III. A Framework for Macro Forecasting with Machine Learning

A. Limiting Preselection

We apply the framework to Turkey, a country for which traditional forecasting techniques have been unsatisfactory. We collect a database of country-specific and global indicators, with 234 separate series in total (Tables A5.1 and A5.2). The data consist of an array of mixed-frequency (monthly and quarterly) leading and coincident indicators from Haver Analytics. We then apply some basic transformations to each raw indicator. In addition to deflating nominal indicators where appropriate and including 12 lags, we include two transformations of each indicator series. For stationary variables (e.g., capacity utilization, consumer confidence), we use the level and quarter-on-quarter difference. For non-stationary variables (e.g., production, money) we take first- and second-order log differences.
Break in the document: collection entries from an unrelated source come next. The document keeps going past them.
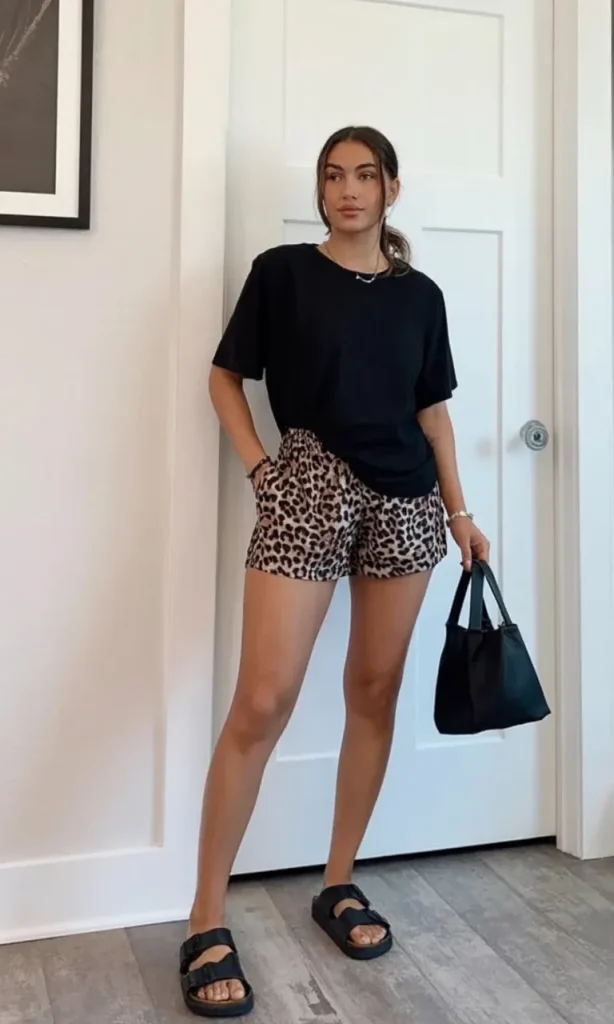 19. Black Tee and Leopard Shorts Combo
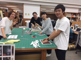 木曜日からのTOBICHI展示のパネル切りの仲間がだんだんと増えています。
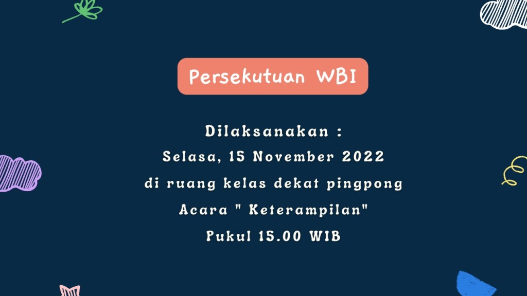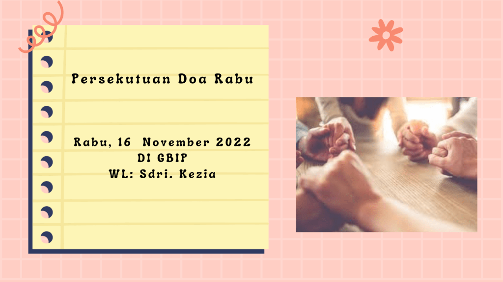 Seluruh Kaum wanita diundang hadir dalam Persekutuan WBI Selasa, 15 November 2022 pukul 15.00 WIB di ruang kelas dekat pingpong. Dengan acara “ Keterampilan’’
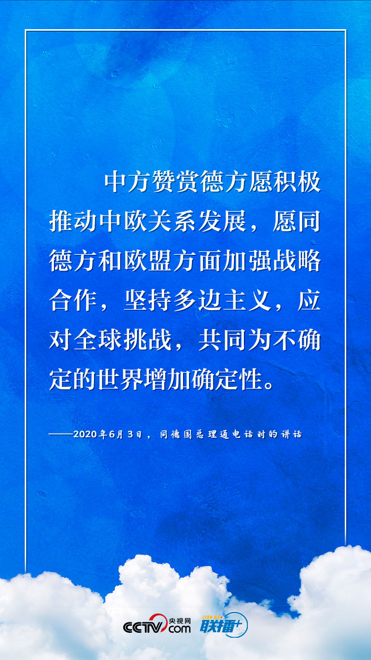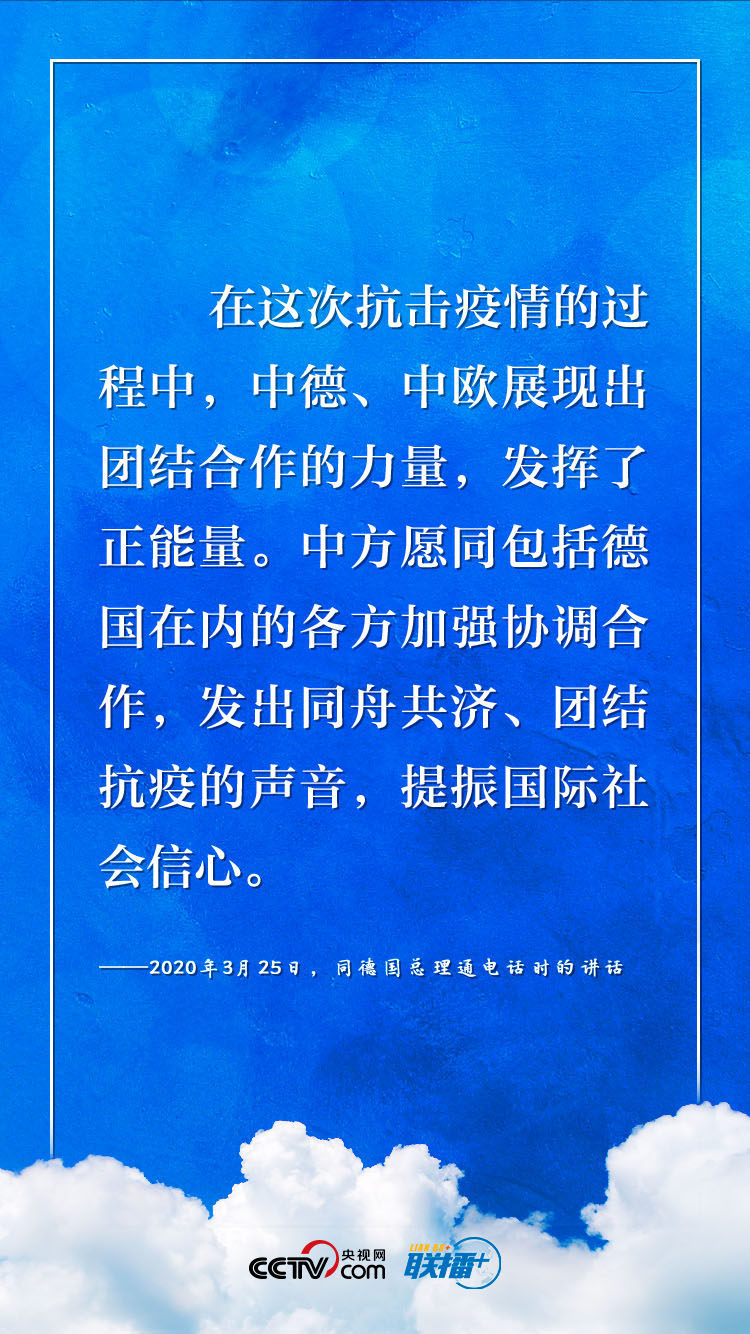 聯(lián)播+新冠肺炎疫情暴發(fā)以來,中國和德國、歐盟相互支持、相互幫助。習近平主席多次與德歐領(lǐng)導人開展“云外交”,闡明加強合作的重要性。

Moreover, we construct several indicators such as the sovereign term spread, sovereign yield spread, the US sovereign term spread, and the US high yield spread.7

We use hard thresholding to help address the dimensionality problem of a large set of predictors. More data is not always better and can increase forecast errors even when using dimensionality reduction techniques (Boivin & Ng, 2006). Hard thresholding (Bai & Ng, 2007) consists of regressing the forecast variable on its lags and each individual indicator and selecting all indicators with an absolute t-statistic above a certain threshold. In this case, the threshold is obtained by comparing out-of-sample performance of forecasts across a range of thresholds and choosing the threshold that delivers the lowest forecast errors.

B. Identifying Complementary Algorithms

The chosen ML models (RF, GBT, and SVM) are relatively simple and accessible. All three models require little parameter tuning and are thus less likely to overfit than other types of ML models.8 In addition, all three models are computationally relatively inexpensive.

The three models are also complementary. We combine the individual ML models into several ensembles. Ensembles can lower forecast errors relative to any of the individual models by producing a single, weighted forecast of the individual models. Ensembles tend to outperform individual forecasts, especially when the models are relatively independent yet similar in forecast accuracy (Timmermann, 2006). In this case, we combine the forecasts of the three models using equal weights (Ensemble 1), inverse root mean squared error (RMSE) weights (Ensemble 2) and inverse-RMSE rank weights (Ensemble 3).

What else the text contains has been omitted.